Con la parte trasera de su piel, esa por la que sacaba talco aun doliéndole por el "patín" que considera haber recibido, "Leoncio" no tiene empacho en asegurar que dentro de lo malo que para él ha resultado salir de los Leones de Yucatán, han habido también cosas buenas.
"Dentro de lo malo es bonito saber que la gente te quiere, me da mucho gusto ver las muestras de afecto de la gente en el face, en mensajes y eso es gratificante", externa Leoncio a través de Francisco Abreu Rosado, ese ser humano que hace poco más de 30 años fue absorbido por el singular personaje que se niega a declararse en decadencia.
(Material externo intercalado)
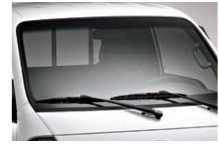
Tinted glass: Keeps the cabin temperature at a comfortable level when working in hot weather
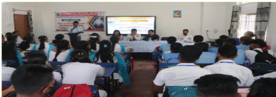
CAREER COUNSELLING PREGAME, LEGAL STUDIES

Tras recibir el saludo de Península Deportiva, que no pretende presentarlo como víctima, la ahora ex mascota melenuda no lo dice, pero en su hablar descarta estar peleada con la directiva que encabeza Mario Ceballos y se dice, de haber un cambio, dispuesto a volver a ser el pelotero número 10 del club peloteril más antiguo del sureste.
"Si, sí volvería, claro que sí, sólo es cuestión de que me paguen 18 mil pesos, que es la cantidad acordada luego de que me corrieron y acepté perder 50 mil pesos de mi liquidación", soñó.
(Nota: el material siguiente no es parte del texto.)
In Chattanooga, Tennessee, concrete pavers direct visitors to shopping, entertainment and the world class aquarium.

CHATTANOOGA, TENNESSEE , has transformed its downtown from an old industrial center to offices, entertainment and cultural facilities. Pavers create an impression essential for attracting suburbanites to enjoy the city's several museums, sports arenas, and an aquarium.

Contra lo que el boletín de los Leones que dio cuenta de su salida del equipo, Leoncio precisó: "No fue algo acordado, primero ellos decidieron liquidarme y está bien, porque están en su derecho, pero yo alcanzaba unos 200 mil (de finiquito total) y me ofrecían sólo 80 mil, a lo cuál me negué, hasta que llegamos a un acuerdo de 150 mil pesos y que seguiría trabajando ya no por todo el año como estaba estipulado, sino que iniciaría en marzo, con recibos de honorarios de por medio y cobrando los mismos 18 mil pesos.
"Pero luego de que acepté firmar con 50 mil pesos y tres abonos (localidades) menos, me llaman y me dicen para decirme que son 10 mil pesos, ningún peso más, es eso o nada y dije que gracias".
¿Quien te llamó", lo inquirimos y respondió que el portador de la noticia fue el presidente ejecutivo, Mario Ceballos, a quien, empero, deslinda de esa decisión.
"No, no creo que fuera una decisión de Mario, eso es algo que fue consensuado con el dueño del equipo (Gustavo Ricalde Puerto)", presume la más famosa mascota deportiva del sur del país al tiempo de recordar otra frase que suena lapidaria, pero que según él le fue expresada: "Si corrimos al "Rayo" Arredondo (oficialmente no fue corrido, sino que la liga no lo dejó jugar por no llegar a un acuerdo) y no pasó nada, entonces tampoco sucederá nada contigo".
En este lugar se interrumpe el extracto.